Once she asked me, ‘Ammi, what if my child is a still born? When I went for check-
up, another girl I met there told me her first child was a still born!”

Always I ask her to be positive, to pray and to not think about such matters.

Another time she asked, ‘Ammi, what will you do if I die?’

She, with that question, had taken my good life that very moment. Her fears always
make me fragile.

I had become her mother at a younger age than hers. But I hadn’t given much
thought about it then. I was just excited about the baby, my baby! Even if I had fears,
there was none to support me,  my mother was a harsh one. I was ignorant.
Sometimes, ignorance helps. When my date was due, fear had gripped me. But
soon, I had become extremely happy seeing my cute baby, my Munni.

But Munni’s question had made me panic. I can’t even imagine losing her. I would
rather die with her.

I had cried, had scolded her for asking that.

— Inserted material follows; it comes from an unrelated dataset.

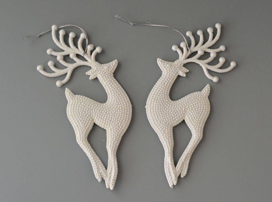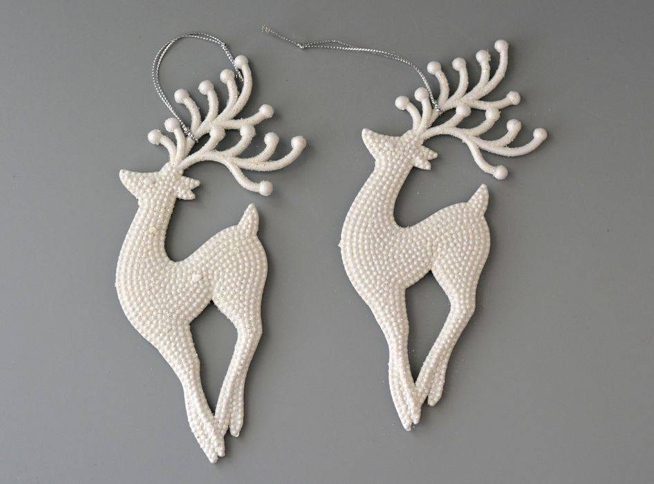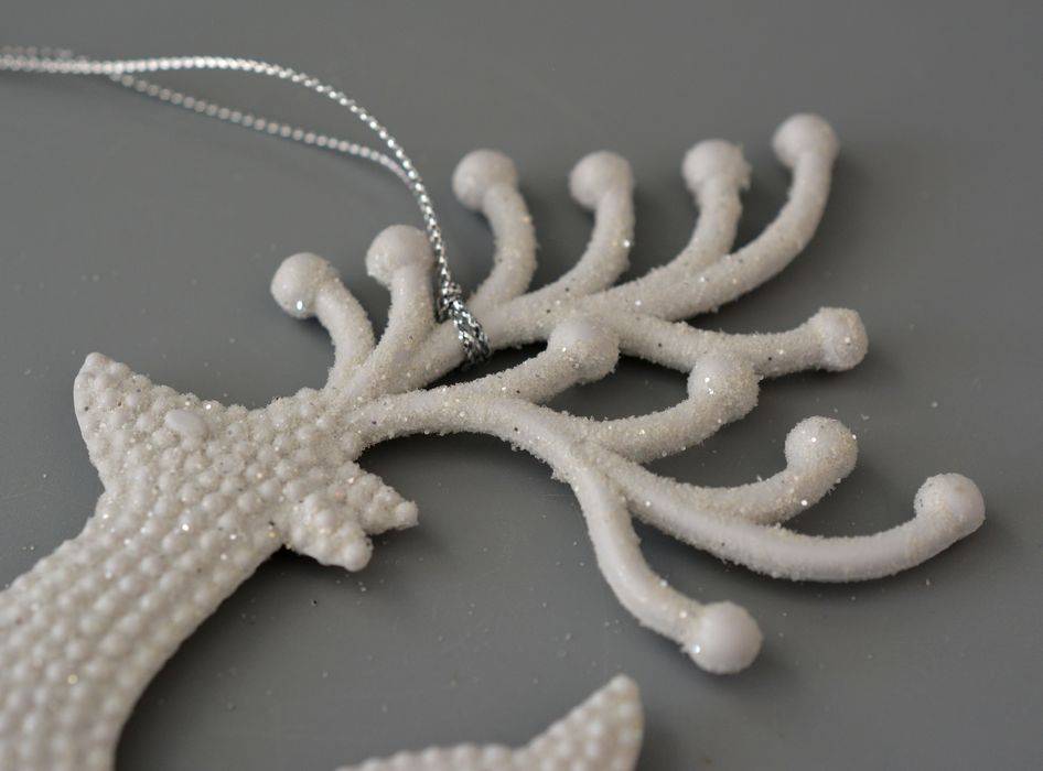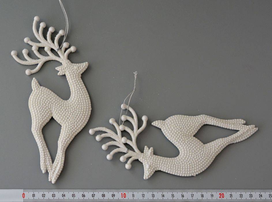 Glitrový závěsný jelínek z tvrdé pěnové hmoty. Rozměry 9 x 17,5 cm. Tloušťka 8 mm. Barva bílá. Cena za 1 ks.
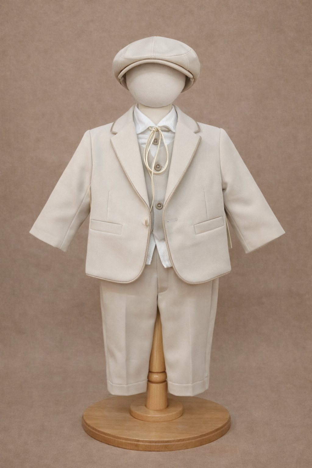 Costum botez baietei compus din sacou, camasa vestuta, pantaloni, papion si basca.

I don’t know what other mothers think, but I am more concerned about my daughter
and her life than the child’s. It may sound selfish, but it is a truth. Childbearing is not
a big event as lakhs and lakhs are born each day. But even the most mundane thing
becomes the most important news when it comes to our children or close people.
That is what it is all about.

But again, I didn’t know how to pacify her. I just had told her nothing like that would
happen.

But the fear which found home in my heart from that moment has remained there like
an uninvited guest.

“What would I do without her?”

A girl’s best friend is always her mother. But taking our circumstances into
consideration, I am unable to be with her, when she needs me the most, to stray
away all her fears.
I cry over my helplessness. I know it doesn’t help. But that’s the only thing I am able
to do now.

I find my cell phone as one of the most treasured possessions. The thing that makes
me alive connecting me with my life, with my breath, which makes me forget all the
pain by her sweet voices.

I check the cell phone, nothing new! I don’t want to call and disturb them.

As times passes, fear gains strength. Bad thoughts pass through my mind.

I try to remain calm, but I can’t. I am no saint to win over all my emotions. I am an
ordinary lady.

But, as my thoughts wander, I get to know that if I don’t find peace and overcome my
fears myself, none can help me do that.

I think about my life. I had gone through many bad times while living the life of a
widow without anyone’s support. But I had overcome all those hurdles, had led a
model life. I had raised a girl, had given her education as far as I could and had
given her in marriage to a good man.

I, who have come all this way, am now afraid of losing my child.

But does worrying help? Will our fears change anything? Will it bring us desired
results?

I think. I try to be strong. I try my best to think good thoughts.